一个粗略的想法是对于所有状态 \((a,b,c)\) 之间连边,求出图之后跑最短路。
首先钦定 \(a\le b\le c\), 考虑转移有哪些情况:要么从两边到中间距离小的一个往中间跳缩小范围,要么中间往两边跳扩大范围。我们定义第一种到的状态为父亲,第二种到的状态为左右儿子,不难发现整个图是一棵二叉树森林。跳的过程和欧几里得算法十分类似,跳的次数实际不是很大。

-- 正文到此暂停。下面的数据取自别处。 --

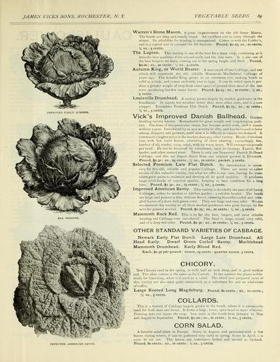| Keywords: Vick's garden and floral guide (16377331637).jpg VEGETABLE SEEDS 89 <br> IMPROVED AMERICAN SAVOY <br> Warren's Stone Mason A great improvement on the old Stone Mason <br> The heads are deep and nearly round An excellent sort to carry through the <br> winter Its reliability for heading is unsurpassed Comes in with the Fottler's <br> and is a capital sort to succeed the All Seasons Pound 2 25; oz 20 cents; <br> y+ oz 5 cents <br> The Lupton This variety is one of the best for a mam crop combining as it <br> does the best qualities of the second early and the late sorts It is also one of <br> the best keepers we have coming out in the spring bright and fresh Pound <br> 2 00 ; oz 20 cents ; oz 5 cents <br> Autumn King or World Beater A new strain of late Cabbage and one <br> which will supersede the old reliable Mammoth Marblehead Cabbage of <br> years ago The Autumn King grows to an enormous size making heads as <br> solid as a rock and comes uniformly true to type It can be relied upon to pro- <br> duce a greater weight of crop from same space of ground than most of the late <br> sorts producing but few outer leaves Pound 2 25; oz 20 cents; oz <br> 5 cents <br> Louisville Drumhead A variety grown largely by market gardeners in the <br> Southwest It stands hot weather better than most other sorts and is a sure <br> cropper Resembles Premium Flat Dutch Pound 1 75; oz 20 cents; <br> oz 5 cents <br> Vick's Improved Danish Ballhead Hardest <br> heading variety known Remarkable for great weight and long-keeping quali- <br> ties The fame of this particular strain has become world-wide and it stands <br> without a peer Introduced by us asa novelty in 1887 and has increased infavor <br> among shippers and growers until now it is difficult to supply the demand It <br> commands a higher price in the market than any other variety Heads of medium <br> size with few outer leaves admitting of close planting ; exceedingly fine <br> hardest of all tender crisp solid with no waste heart Will average six pounds <br> per head Do not be deceived by substitutes such as German Export Hol- <br> lander and other named sorts There is only one Improved Danish Billhead <br> Cabbage and this we import direct from our original grower in Denmark <br> Pound 2 50 ; oz 25 cents ; oz 10 cents ; packet 5 cents <br> Selected Premium Late Flat Dutch No introduction is neces- <br> sary for this old reliable and popular Cabbage There are many so-called <br> strains of this valuable variety but what we offer is our own having for years <br> taken great pains to maintain and develop all its good qualities It produces <br> large solid heads of superior quality keeping in best condition for a long <br> time Pound 1 50 ; oz 15 cents ; oz 5 cents <br> Improved American Savoy This variety is decidedly the peer of all Savoy <br> Cabbages either lor market or kitchen garden ; a reliable header The heads <br> are large and possess a fine delicate flavor showing beautiful curled and crim- <br> pled leaves of a dark rich green color They are large and very solid We can <br> recommend this variety to all those market gardeners who grow Savoys by the <br> acre for general market Pound 1 75 ; oz 20 cents ; oz 5 cents <br> Mammoth Rock Red This is by far the best largest and most reliable <br> heading red Cabbage ever introduced The head is large round very solid <br> and of a deep red color Pound 2 50; oz 20 cents ; oz 5 cents <br> OTHER STANDARD VARIETIES OF CABBAGE <br> Newark Early Flat Dutch Large Late Drumhead All <br> Head Early Dwarf Green Curled Savoy Marblehead <br> Mammoth Drumhead Early Blood Red <br> Each 1 50 per pound ; ounce 15 cents ; quarter ounce 5 cents <br> CHICORY <br> Sow Chicory seed in the spring in drills half an inch deep and in good mellow <br> soil The after culture is the same as for Carrots In the autumn the plants will be <br> ready for blanching when it is used as a salad The dried and prepared roots of <br> this variety are also used quite extensively as a substitute for and an adulterant <br> of coffee <br> Large Rooted Long Magdeburg Pound 80 cents ; oz 10 cents ; <br> oz 5 cents <br> COLLARDS <br> This is a variety of Cabbage largely grown in the South where it is extensively <br> used for both man and beast It forms a large loose open head or mass of leaves <br> Freezing does not injure the crop Sow seed in the South from January to May <br> and August to September Pound 1 00 ; oz 10 cents ; l / 2 oz 5 cents <br> CORN SALAD <br> A favorite salad plant in Europe Sown in August and protected with a few <br> leaves during winter it can be gathered very early in spring Sown in April it is <br> soon fit for use The leaves are sometimes boiled and served as Spinach <br> Pound 60 cents ; oz 10 cents ; l / 2 oz 5 cents 43864443 149533 78224 Page 89 Text http //www biodiversitylibrary org/page/43864443 1900 10 5962/bhl title 78224 Henry G Gilbert Nursery and Seed Trade Catalog Collection ; James Vick's Sons Rochester N Y Biodiversity Heritage Library Vick's garden and floral guide 1900 Garden Stories Catalogs Commerce Equipment and supplies Flowers Gardening James Vick's Sons Rochester N Y Rochester N Y Seeds Vegetables U S Department of Agriculture National Agricultural Library bhl page 43864443 dc identifier http //biodiversitylibrary org/page/43864443 James Vicks Sons bhlGardenStories lettuce BHLinbloom james vick's sons rochester n y rochester n y u s department of agriculture national agricultural library james vicks sons bhlgardenstories bhlinbloom Information field Flickr posted date ISOdate 2015-02-17 CC-BY-2 0 BioDivLibrary https //flickr com/photos/61021753 N02/16377331637 2015-08-24 22 53 00 cc-by-2 0 PD-old-70-1923 lettuce Vick's garden and floral guide Photos uploaded from Flickr by Fæ using a script |

于是我们直接暴力跳到根,判断是否在一棵树中,深度是好求的。LCA我们可以跳到同一高度之后二分/倍增得到。
#include <bits/stdc++.h>
using namespace std;
#define int long long
inline int read() {
register int s = 0, f = 1; register char ch = getchar();
while (!isdigit(ch)) f = (ch == '-' ? -1 : 1), ch = getchar();
while (isdigit(ch)) s = (s * 10) + (ch & 15), ch = getchar();
return s * f;
}
struct node {
int x, y, z;
inline node() { }
inline node(int X, int Y, int Z) : x(X), y(Y), z(Z) { }
inline void init() {
if (x > y) swap(x, y);
if (x > z) swap(x, z);
if (y > z) swap(y, z);
}
};
inline bool operator == (node a, node b) {
return a.x == b.x && a.y == b.y && a.z == b.z;
}
inline pair<node, int> jump(node x, int k) {
int p = k;
while (k) {
int n = x.y - x.x, m = x.z - x.y;
if (n == m) return make_pair(x, p - k);
if (n < m) {
int d = min(k, (m - 1) / n);
x.x += d * n; x.y += d * n;
k -= d;
} else {
int d = min(k, (n - 1) / m);
x.y -= d * m; x.z -= d * m;
k -= d;
}
} return make_pair(x, p - k);
}
signed main() {
node a, b;
a.x = read(); a.y = read(); a.z = read(); a.init();
b.x = read(); b.y = read(); b.z = read(); b.init();
node ta, tb; int da, db;
tie(ta, da) = jump(a, 1e9); tie(tb, db) = jump(b, 1e9);
if (!(ta == tb)) { puts("NO"); return 0; }
if (da < db) { swap(da, db); swap(a, b); }
a = jump(a, da - db).first;
if (a == b) { puts("YES"); printf("%lld\n", da - db); return 0; }
for (int i = 30; ~i; --i) {
if (!(jump(a, (1 << i)).first == jump(b, 1 << i).first)) {
a = jump(a, (1 << i)).first;
b = jump(b, (1 << i)).first;
}
} if (!(a == b)) a = jump(a, 1).first;
int d; tie(a, d) = jump(a, 1e9);
puts("YES"); printf("%lld\n", da + db - 2 * d);
return 0;
}